Puis, il y a l’amour qui se montre dans la simplicité du geste: « Jésus leur a lavé les pieds ». Ce geste, c’est le contraire du spectaculaire. C’est le sexe faible du service, la capacité de mettre les mains dans la poussière pour rendre service. Dans nos vies, c’est ce qui sauve les liens: l’humilité du service, la disponibilité à faire ce qui est utile, sans chercher à se mettre en avant. Le disciple qui s’étonne, qui résiste, c’est chacun d’entre nous. L’amour n’est pas un mot, c’est un acte concret qui transforme le quotidien: un message chaleureux, un coup de main, une écoute attentive après une journée difficile, prendre le temps de vérifier que quelqu’un va bien.

Et puis, il y a le mot de Jésus sur le caractère universel de l’amour et de la fidélité: « Vous êtes profondément aimés; si je vous ai lavé les pieds, vous devez aussi vous laver les pieds les uns des autres. » Ce n’est pas simplement une instruction morale, c’est une invitation relationnelle: rester proches les uns des autres, être attentifs, se relever les uns les autres, même quand on n’en a pas envie ou quand on se sent blessé. On est appelés à être des « serviteurs d’amour », même quand la fatigue gagne, même quand le monde autour paraît froid ou efficace.
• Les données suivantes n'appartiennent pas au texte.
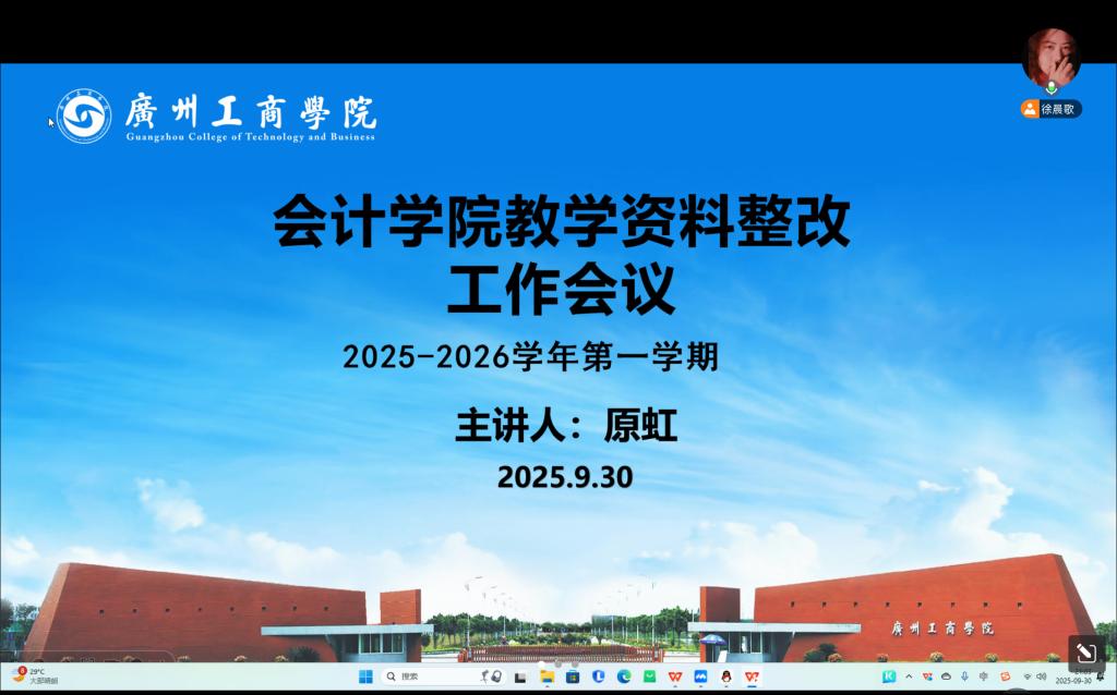 为全面落实学校督导组听课评课意见,切实提升课堂教学质量,广州工商学院会计学院通过腾讯会议召开教学督导反馈与整改专题会议。会议由各教研室组织,会计学教研室副主任徐晨歌主持,会计学院院长任道纹、会计学、审计学、财务管理的专业建设负责人(黄璐、原虹、宋娜)、教研室副主任及全体课程组组长参会。为兼顾教师们日间、晚间课程教学安排,确保全员参会,会议时间安排在9月30日20:30至22:30。

Dans notre environnement actuel, où tout va vite, où les relations se délitent parfois sous le poids du numérique, du silence et des non-dits, ce récit nous rappelle de revenir à l’essentiel: des gestes simples qui réparent, une présence qui rassure, une parole qui restaure la dignité de l’autre. Être fidèle signifie aussi accepter le temps de Dieu: nous ne comprenons pas tout, mais nous choisissons de rester dans le vrai, avec tendresse et courage.

En filigrane, ce mardi saint nous donne une double orientation:

  • transparence et courage face à l’imprévu: dire ce qui est, sans dramatiser, mais sans fuir non plus.
  • service concret et humble: faire le petit geste, même s’il ne reçoit pas de gloire ni de reconnaissance.